South Africa has launched Scam Signal, a real-time fraud detection service designed to help banks prevent authorised push payment (APP) fraud.
What is authorised push payment (APP)? This type of fraud occurs when criminals manipulate individuals or businesses into authorising payments to accounts controlled by fraudsters. Because the customer approves the payment, banks often have limited ability to stop or reverse the transaction once funds are sent.
Who is making this happen? The South African deployment was made possible through collaboration between several major unnamed banks, MTN Chenosis, an API marketplace, global analytics firm FICO, Jersey Telecom, and the GSMA, the advocacy and lobbying organisation for the mobile communications industry.

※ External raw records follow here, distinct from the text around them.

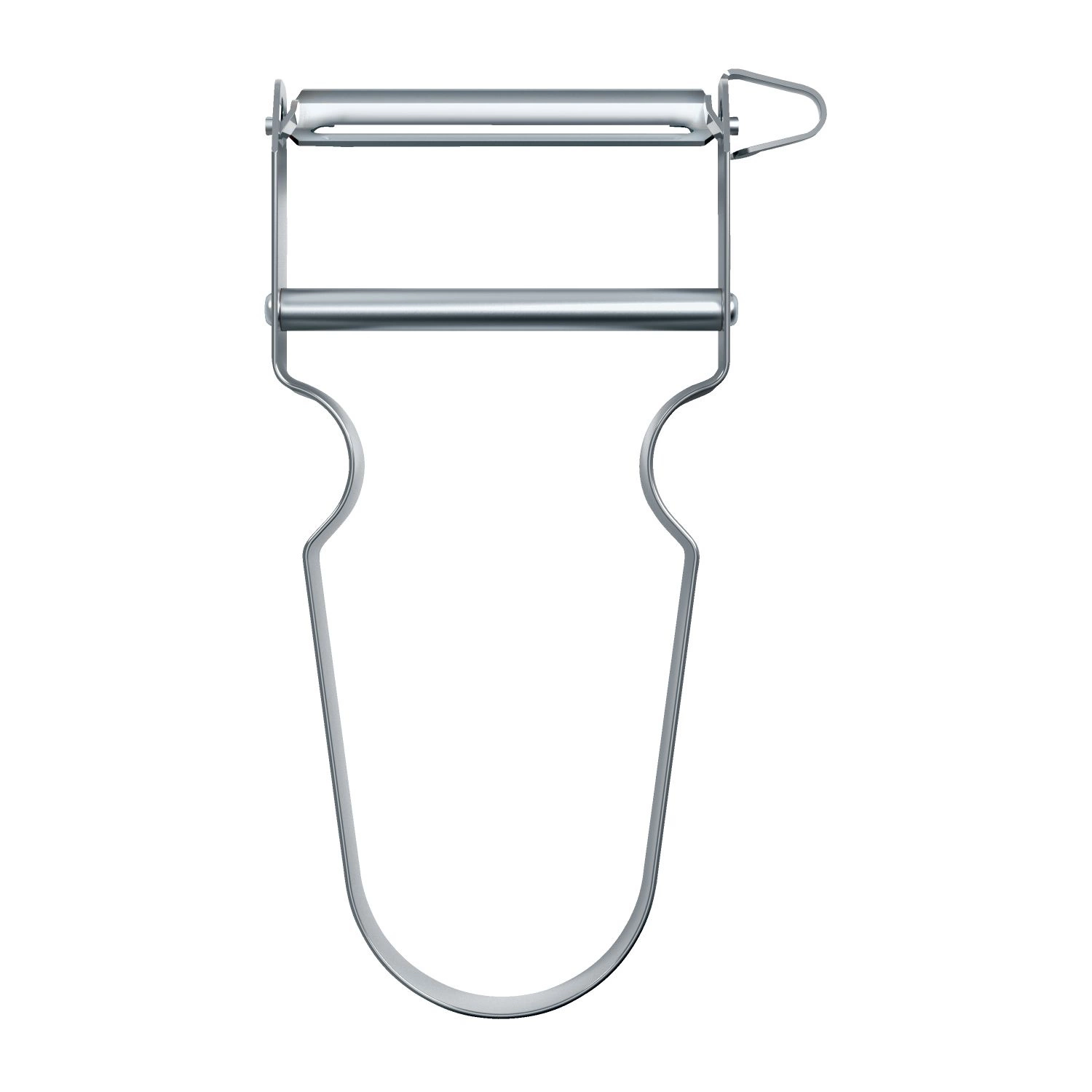 Obieraczka STAR z ostrzem gładkim marki Victorinox, wykonana w całości ze stali nierdzewnej o najwyższej jakości. Obieraczka posiada ruchome, wyjątkowo skuteczne ostrze, które obieraja skórkę niezwykle cienko, zachowując wszystkie witaminy zawarte w powierzchni warzyw i owoców. Długość obieraczki wynosi 11 cm, szerokość 6,5 cm. Obieraczka nie nadaje się do mycia w zmywarce.
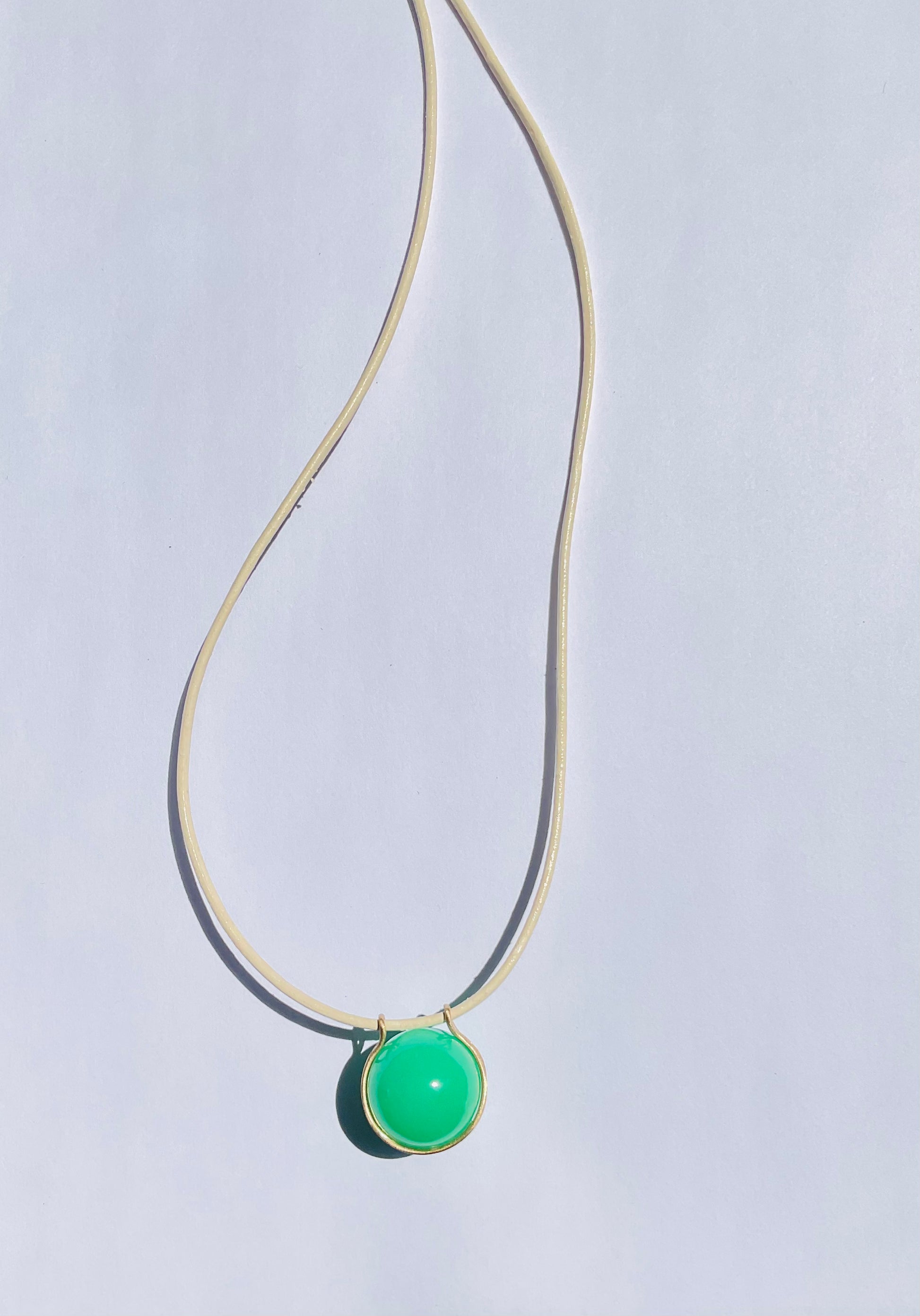 Chrysoprase Sphere measures 20mm and is set in 18k gold.
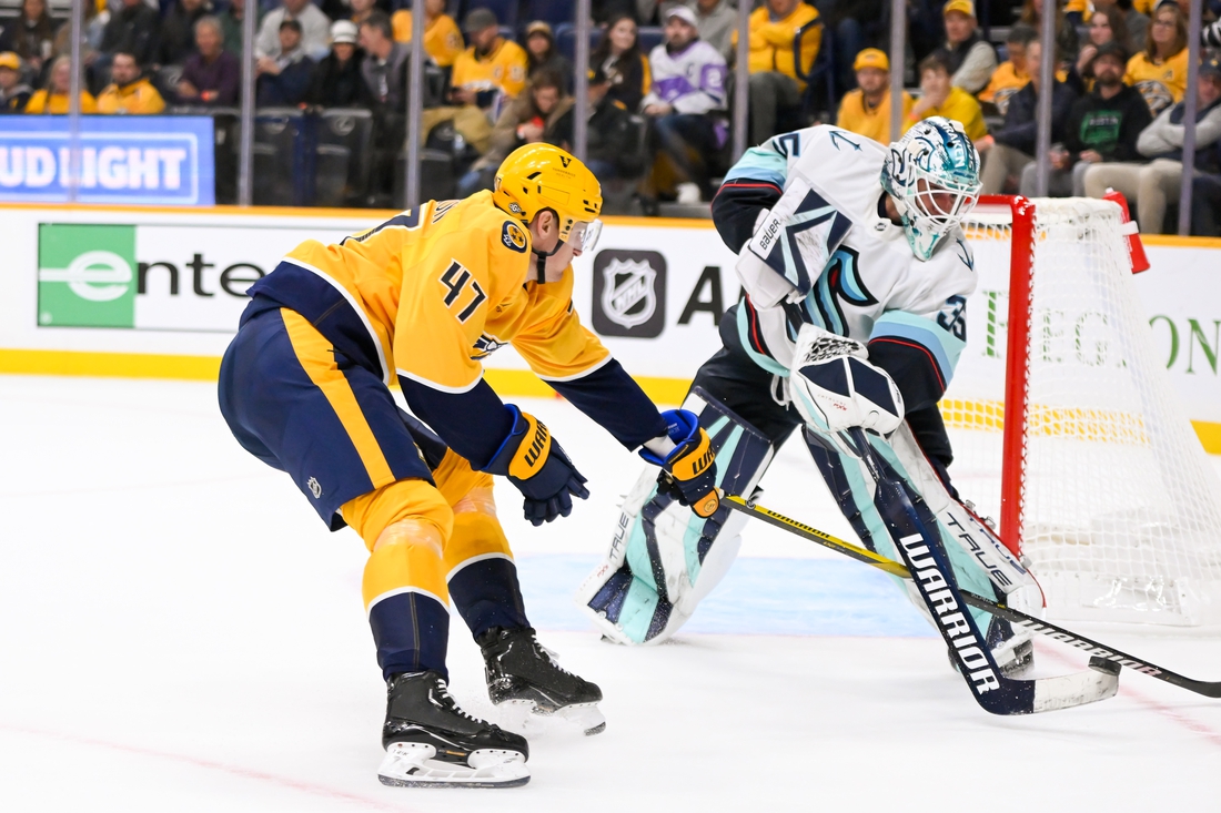 Jaden Schwartz, Oliver Bjorkstrand, Jared McCann and Adam Larsson each had a goal and an assist and the Seattle Kraken scored four third-period goals to defeat the host Nashville Predators 7-3 on Tuesday.

Why this launch? Financial fraud continues to rise in South Africa, with losses approaching R2.7 billion ($168 million) in 2024. APP fraud is particularly difficult to tackle because it exploits human behaviour rather than technical system weaknesses, leaving traditional fraud controls less effective.
How Scam Signal works: The service is delivered through APIs that connect banking systems directly to mobile networks. It enables banks to assess fraud risk during live transactions by analysing mobile network data alongside banking data. The system identifies behavioural signals associated with social engineering scams (like suspicious call activity) while a payment is being made. This allows banks to intervene in real time by pausing transactions or sending alerts.
Will this work? The South African launch follows a successful rollout in the UK in 2024. According to the GSMA, Scam Signal reduced the number of scam victims by up to 40%, providing early evidence of the model’s effectiveness.